220 likes | 311 Views
You want to survey a school. • You draw your sample from the first day of school student enrollment list This list would be your ____???____ Which students are not on this list? A phenomenon known as? Potentially problematic because? (Hint: Dillman, p. 196). Some reminders….
E N D
You want to survey a school • You draw your sample from the first day of school student enrollment list • This list would be your ____???____ • Which students are not on this list? • A phenomenon known as? • Potentially problematic because? • (Hint: Dillman, p. 196)
Some reminders… • Population: The group about whom we want to draw our inference • Sample Frame: Members of the population who could potentially be in our sample • Coverage Error: The extent to which members of population are excluded from sample frame (not good)
Welcome… • …to a hopefully productive lesson on SAMPLING METHODOLOGY! • What’s ideal? • Nifty tricks?? • Common misconceptions??? • Limitations of our methods????????? • P.S. We are going to do (some) math and it is going to be FUN!!!
Simple Random Sampling(what’s ideal) • Members of a sample frame, which hopefully includes our entire population, are selected one at a time • independently & without replacement • (Drawing names out of a hat) • Sample is equal in expectation to population on all outcomes, but no guarantees
Stratified Random Sampling(possibly even more ideal) • Use criterion to divide sample frame by group membership (e.g. racial category) • Randomly sample within each group • What is the advantage of this procedure?

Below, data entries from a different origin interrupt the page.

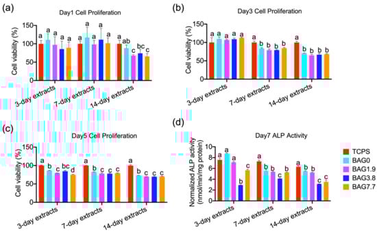 The effects of the 3-day, 7-day, and 14-day extracts of resin composites on the cell proliferation evaluated on (a) day 1, (b) day 3, (c) day 5, and (d) ALP activity on day 7, compared with the control group (no resin composites extracts) (different small letters indicate significant differences between BAG groups using extracts from the same day).
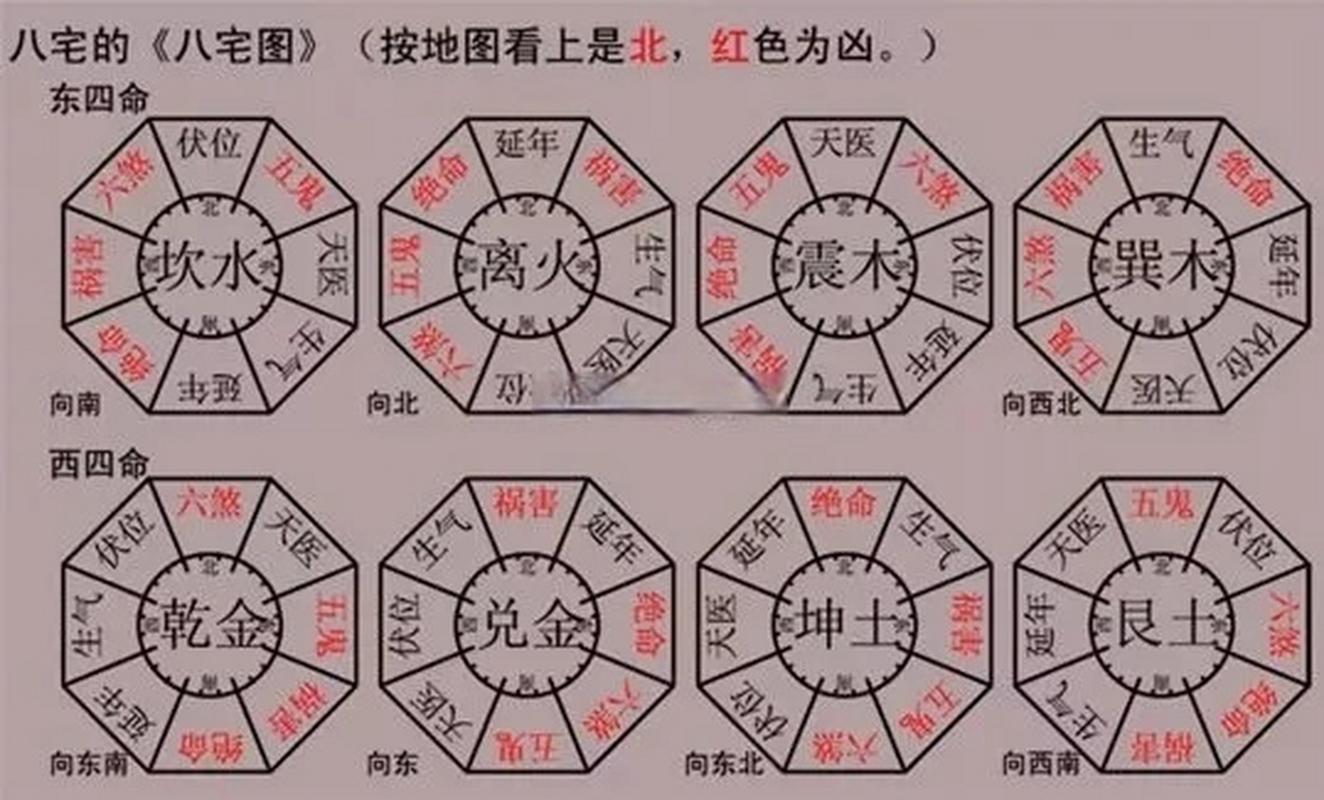 根據(jù)命卦和房屋坐向,確定家中的八個方位。每個方位對應(yīng)不同的吉兇星。例如,震宅的生氣在正東,天醫(yī)在東南,延年在正南,伏位在正北。
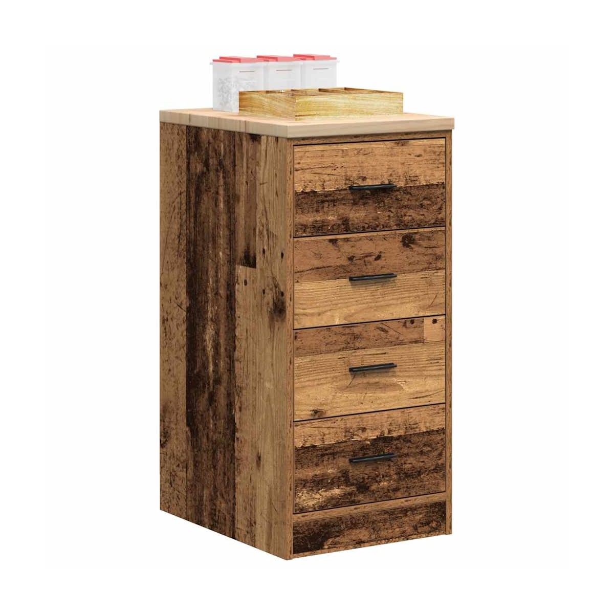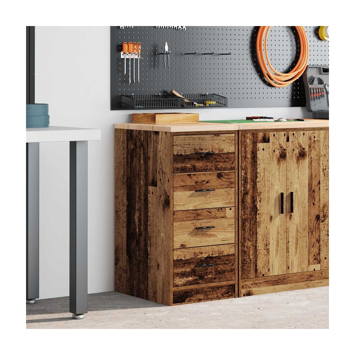 Este armario de almacenamiento de garaje es una excelente opción para organizar todas sus herramientas y materiales de bricolaje en el garaje, el trastero o el taller. Durable y de larga duración: este gabinete de garaje está hecho de madera de pino duradera y madera de ingeniería, lo que garantiza estabilidad y robustez para un uso duradero.Amplio espacio de almacenamiento: con cuatro cajones espaciosos, este gabinete de herramientas le permite mantener las herramientas de uso frecuente al alcance de la mano, lo que hace que sea conveniente acceder a todo lo que necesita para su próximo proyecto.Superficie de trabajo versátil: la encimera de madera proporciona una superficie resistente para diversas tareas, como reparaciones, montajes o proyectos de bricolaje.Fácil de mantener: Gracias a su superficie lisa, el armario es fácil de limpiar con un paño húmedo y requiere menos mantenimiento.Amplias aplicaciones: este gabinete de almacenamiento de garaje proporciona mucho espacio seguro, lo que lo hace ideal para organizar artículos en diversos entornos, como garajes, oficinas, lavaderos, despensas, sótanos o talleres. Advertencia:Para evitar que vuelque, este producto debe usarse con el dispositivo de fijación a la pared suministrado.

Scenario… • We want to know what percentage of Americans support Obama for president • We need 1100 members from each racial group to be confident about group means (more on this later) • American Indians / Alaskan Natives comprise 1% of our population. • Through simple random sampling, how large of a sample would we theoretically need to reach n = 1100 for this subgroup?
Scenario cont’d… • OR, we could use stratified random sampling and draw 1100 from each subgroup without all this trouble. • BUT, now we have oversampled from American Indians--they are over-represented in our sample! • Implications? • Solutions?

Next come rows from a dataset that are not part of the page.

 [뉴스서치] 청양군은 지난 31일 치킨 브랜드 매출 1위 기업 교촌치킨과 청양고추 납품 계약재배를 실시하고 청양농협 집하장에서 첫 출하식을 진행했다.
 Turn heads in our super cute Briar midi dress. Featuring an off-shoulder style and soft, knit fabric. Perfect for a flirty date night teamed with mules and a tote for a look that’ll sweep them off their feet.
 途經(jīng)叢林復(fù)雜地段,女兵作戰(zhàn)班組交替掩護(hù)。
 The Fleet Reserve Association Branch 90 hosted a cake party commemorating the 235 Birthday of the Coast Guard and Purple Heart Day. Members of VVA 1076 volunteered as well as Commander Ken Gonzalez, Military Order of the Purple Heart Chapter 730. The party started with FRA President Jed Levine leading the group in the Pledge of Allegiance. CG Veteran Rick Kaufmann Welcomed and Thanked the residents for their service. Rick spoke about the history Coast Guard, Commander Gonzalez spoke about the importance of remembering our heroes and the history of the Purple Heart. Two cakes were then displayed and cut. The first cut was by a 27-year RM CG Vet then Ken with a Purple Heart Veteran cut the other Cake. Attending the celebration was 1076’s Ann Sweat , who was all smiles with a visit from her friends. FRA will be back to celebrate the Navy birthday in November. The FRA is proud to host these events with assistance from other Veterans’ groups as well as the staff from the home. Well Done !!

(This data is very fake) • Proportion supporting B.O. African American: .50 Asian American: .50 Latino: .50 White: .50 American Indian: 0 Unweighted avg: ??
Weighting (nifty trick) • Now, let’s do a weighted average instead… What’s going on here? 99% (.50) + 1% (0) = 49.50% • Big difference, eh?
So, why was 1100 an ideal subgroup number? • Because no matter how large your population, a sample of 1100 will get you very close to the true population value if your outcome is binary (e.g. Obama: Yes or No) • How come?
Because this man said so • William Sealy Gossett (1876-1937) • Chemist, “math person”, Guinness Brewery worker • A patient man
Yes, a patient man • Using barley (somehow), spent two years empirically studying relationship between sample means and population means. • “The Probable (Standard) Error of a Mean” (1908) • Standard errors are what we use to estimate sampling error
Sampling error • Describes how closely our sample mean allows us to estimate our population mean • Conceptually similar to a confidence interval (Dillman, p. 207; http://www.researchsolutions.co.nz/sample_sizes.htm • Depends on: Population variance (“spread”) (estimated by sample variance) Sample size Population size (to a point)
Sampling error: big picture • Larger variances and (to a point) larger population sizes require larger samples to estimate the population mean at a given level of precision • Increasing sample size reduces sampling error, BUT there are diminishing returns to increasing our sample size
Sampling error: big picture • Diminishing Returns? For large populations… Increasing “n” from 100 to 200 is helpful Increasing from 500-600 is less helpful Increasing from 1200-1300 helps very little (no matter how large the population)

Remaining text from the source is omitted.